8.5.2 Future Horizon: The “Cognitive SOC” Roadmap

We propose five ambitious features to transform this tool from a dashboard into an autonomous Cognitive Security Operations Center (CSOC).

1. AI-Powered “SentinelGPT” (LLM Integration)

Concept: Integrating a Local Large Language Model (e.g., Llama-2 or Mistral) directly into the dashboard. Implementation: Utilizing RAG (Retrieval-Augmented Generation) on the SQL database and logs. Use Case: Instead of writing complex SQL queries, the Admin interacts via Natural Language:

Admin: “Sentinel, show me all nodes that had a CPU spike correlated with the ‘xmrig’ process signature in the last 24 hours.” Bot: “I found 3 instances on AL-1 and AL-2. Here is the timeline and the calculated hash variance.”

2. Immersive 3D Topology (Digital Twin)

Concept: Replacing 2D charts with a WebGL/Three.js 3D visualization of the network topology. Implementation: Nodes would be represented as floating cubes in 3D space, connected by lines representing network links. Use Case: Volumetric Heatmaps. The “height” of a node could represent CPU load, and the “thickness” of the link lines could represent bandwidth usage. This allows an analyst to spot a “DDoS Mountain” (a cluster of high-traffic nodes) instantly in a dense network.

3. Predictive “Time-to-Failure” Analytics

Concept: Moving from Reaction to Prediction using Time-Series Forecasting. Implementation: Integrating Python libraries like Prophet or ARIMA to analyze the slope of resource usage. Use Case: The system detects a slow memory leak in a Java process on AL-3. It predicts: “Critical Memory Failure in 4 hours 12 minutes.” The system then preemptively creates a ticket or restarts the service before the crash occurs.

4. Automated Defense Playbooks (SOAR)

Concept: Security Orchestration, Automation, and Response.
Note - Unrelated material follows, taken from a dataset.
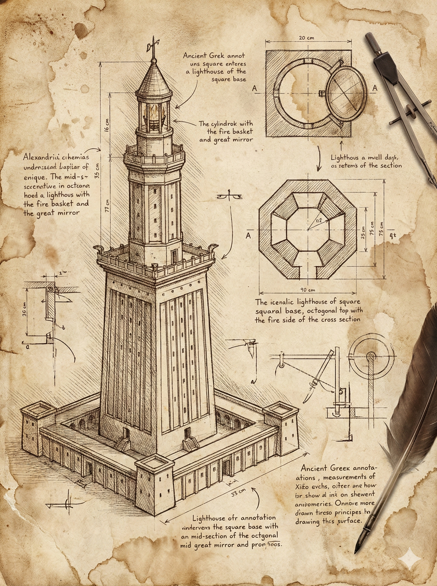 Fenerin asıl mucizesi yüksekliği değil, ışığıydı. Gündüzleri, tepesindeki devasa cilalı bronz ayna, güneş ışığını yansıtarak gemilere yol gösteriyordu. Geceleri ise reçine ve yağla beslenen dev bir ateş yakılıyordu.

Implementation: A “Drag-and-Drop” logic builder in the UI. Use Case: Creating a policy: IF (Process == ‘unknown’) AND (Connection == ‘Russia’) THEN (Trigger ‘BlockIP_Agent’). This allows complex, multi-step defense maneuvers to be executed automatically by the agent swarm without human intervention.

5. Cryptographic Audit Trails (Immutable Logs)

Concept: Ensuring the integrity of the killer_actions log against insider threats. Implementation: Chaining the hash of each log entry to the previous one (Blockchain-lite architecture). Use Case: If a rogue administrator tries to delete a record of a legitimate process they killed by mistake, the chain validation will fail, flagging the tampering attempt. This ensures the dashboard meets strict compliance standards (GDPR/ISO 27001).